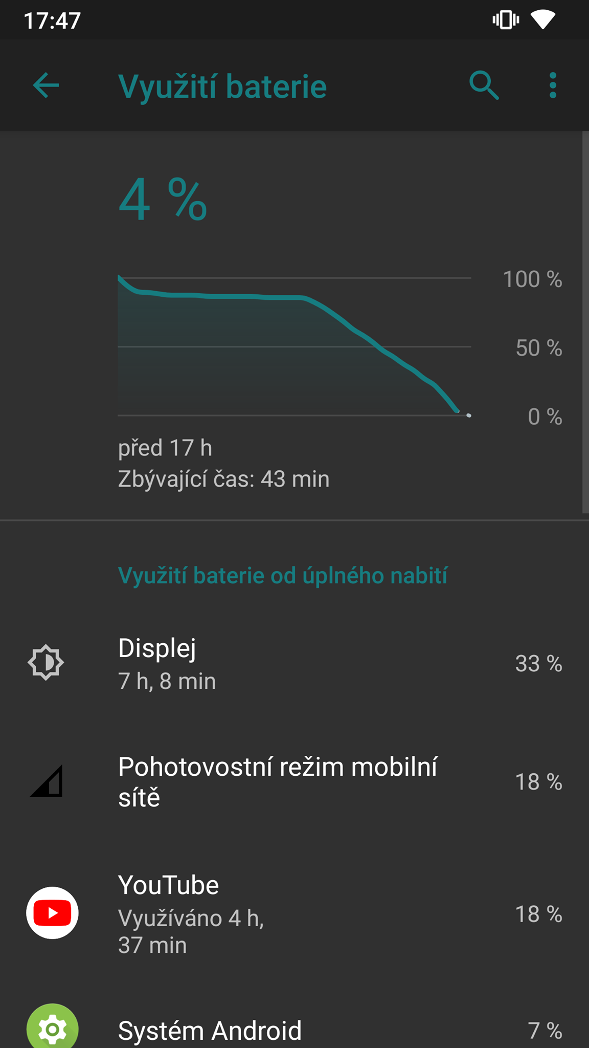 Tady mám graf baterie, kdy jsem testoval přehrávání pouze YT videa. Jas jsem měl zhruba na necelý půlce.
-- -- --
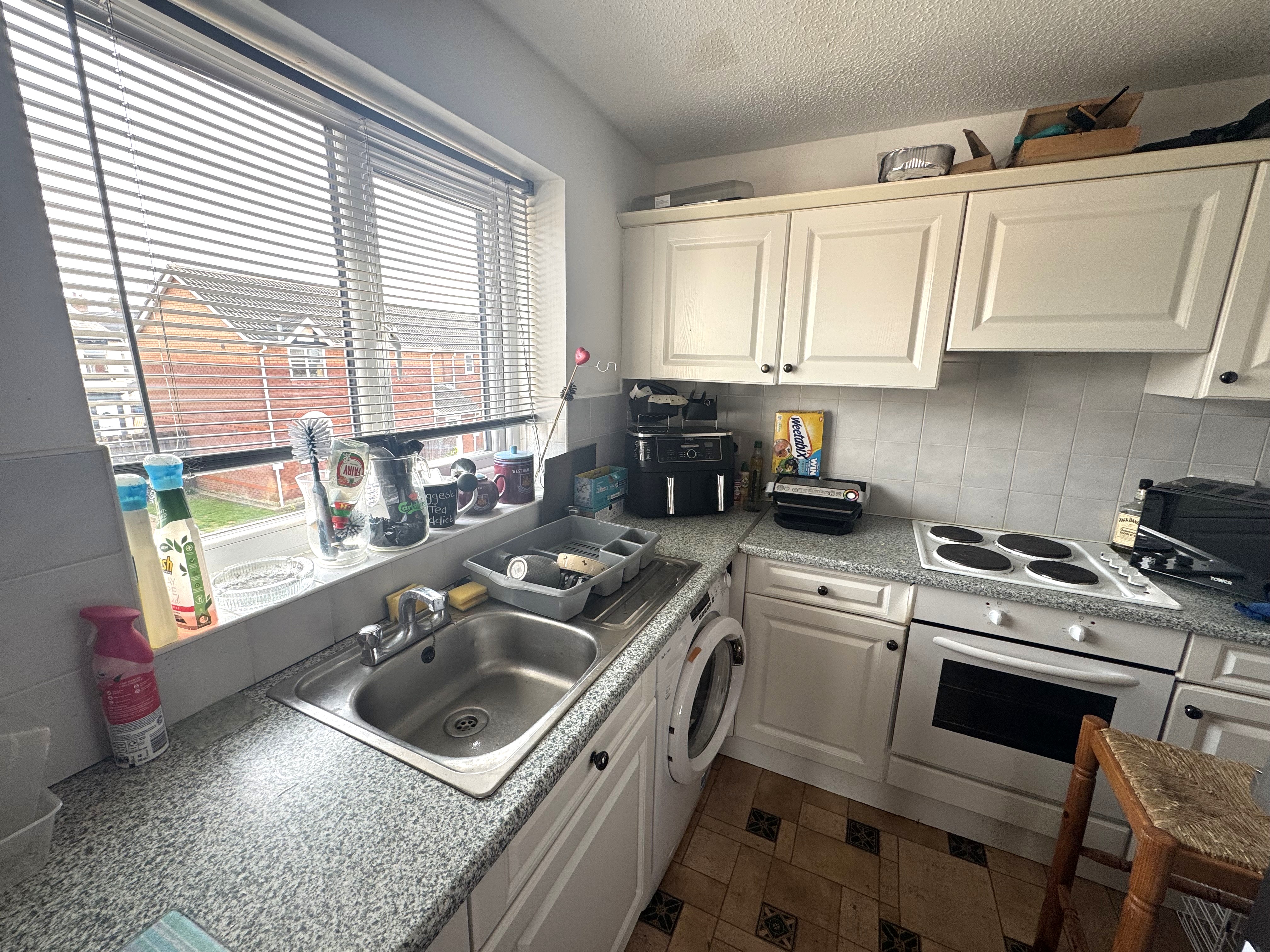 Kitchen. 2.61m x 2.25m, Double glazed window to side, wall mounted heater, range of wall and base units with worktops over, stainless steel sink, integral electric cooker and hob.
-- -- --
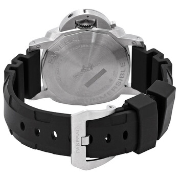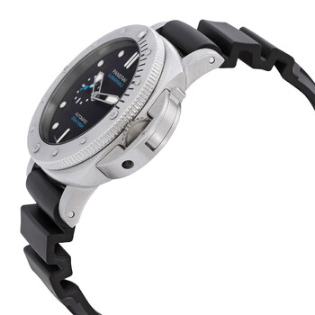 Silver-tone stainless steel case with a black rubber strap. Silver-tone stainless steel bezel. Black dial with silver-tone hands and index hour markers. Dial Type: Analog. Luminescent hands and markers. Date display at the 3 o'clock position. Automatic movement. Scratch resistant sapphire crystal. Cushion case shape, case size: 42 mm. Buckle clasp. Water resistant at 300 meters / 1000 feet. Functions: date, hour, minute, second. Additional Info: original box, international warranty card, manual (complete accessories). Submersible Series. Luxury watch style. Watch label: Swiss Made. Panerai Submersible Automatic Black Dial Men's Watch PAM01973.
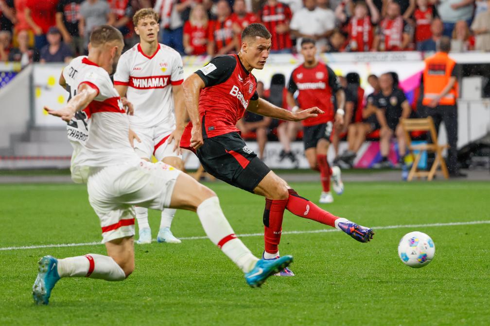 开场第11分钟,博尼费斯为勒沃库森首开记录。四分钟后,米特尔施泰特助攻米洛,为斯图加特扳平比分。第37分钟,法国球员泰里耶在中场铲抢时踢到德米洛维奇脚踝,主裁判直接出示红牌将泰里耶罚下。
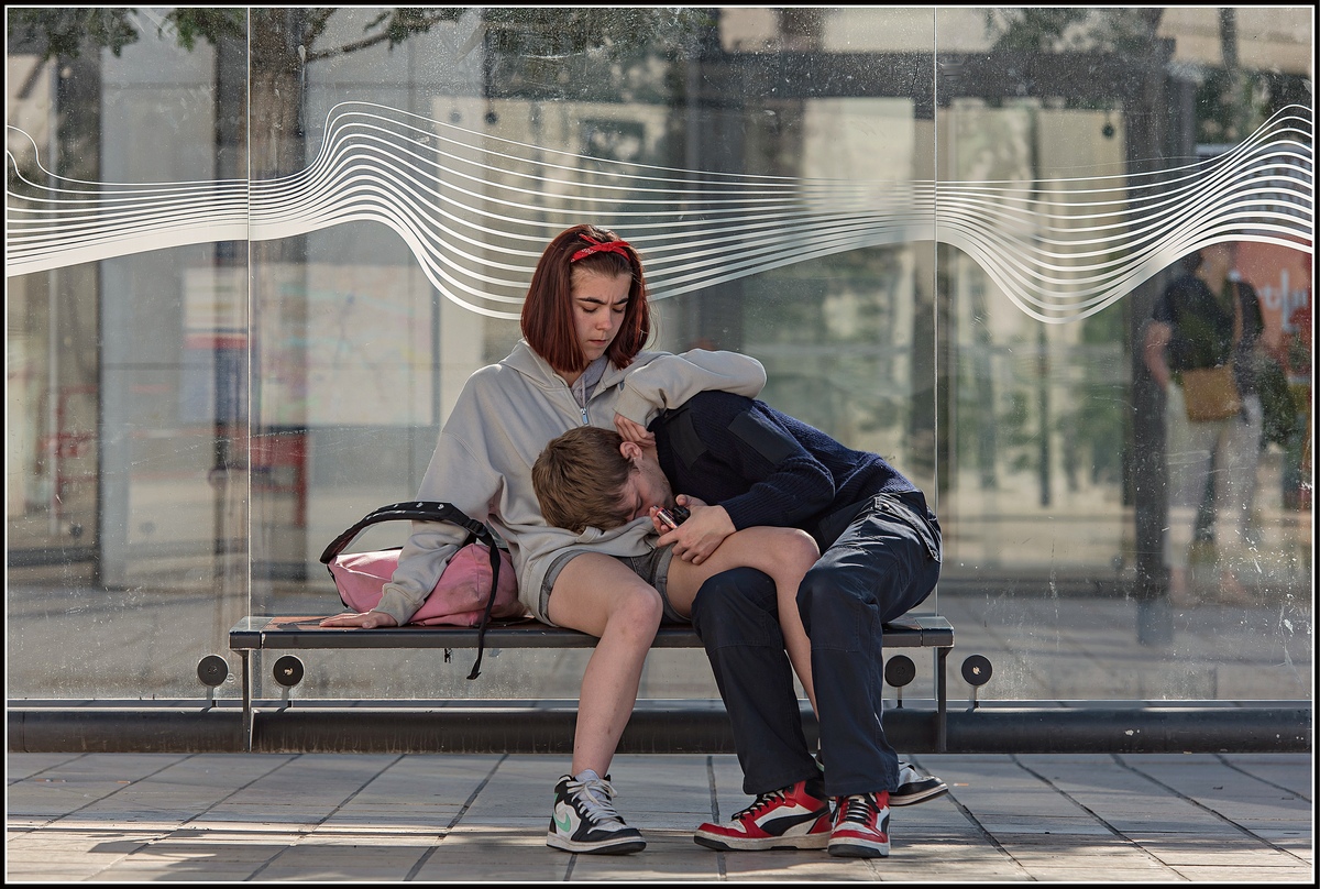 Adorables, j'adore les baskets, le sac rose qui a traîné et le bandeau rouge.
-- -- --
In the entries above, find the line that contains "开场第11分钟,博尼费斯为勒" and the line that contains "Adorables, j'adore les". Reproduce exactly those two lines and every line between them, but not the pictures.

 开场第11分钟,博尼费斯为勒沃库森首开记录。四分钟后,米特尔施泰特助攻米洛,为斯图加特扳平比分。第37分钟,法国球员泰里耶在中场铲抢时踢到德米洛维奇脚踝,主裁判直接出示红牌将泰里耶罚下。
 Adorables, j'adore les baskets, le sac rose qui a traîné et le bandeau rouge.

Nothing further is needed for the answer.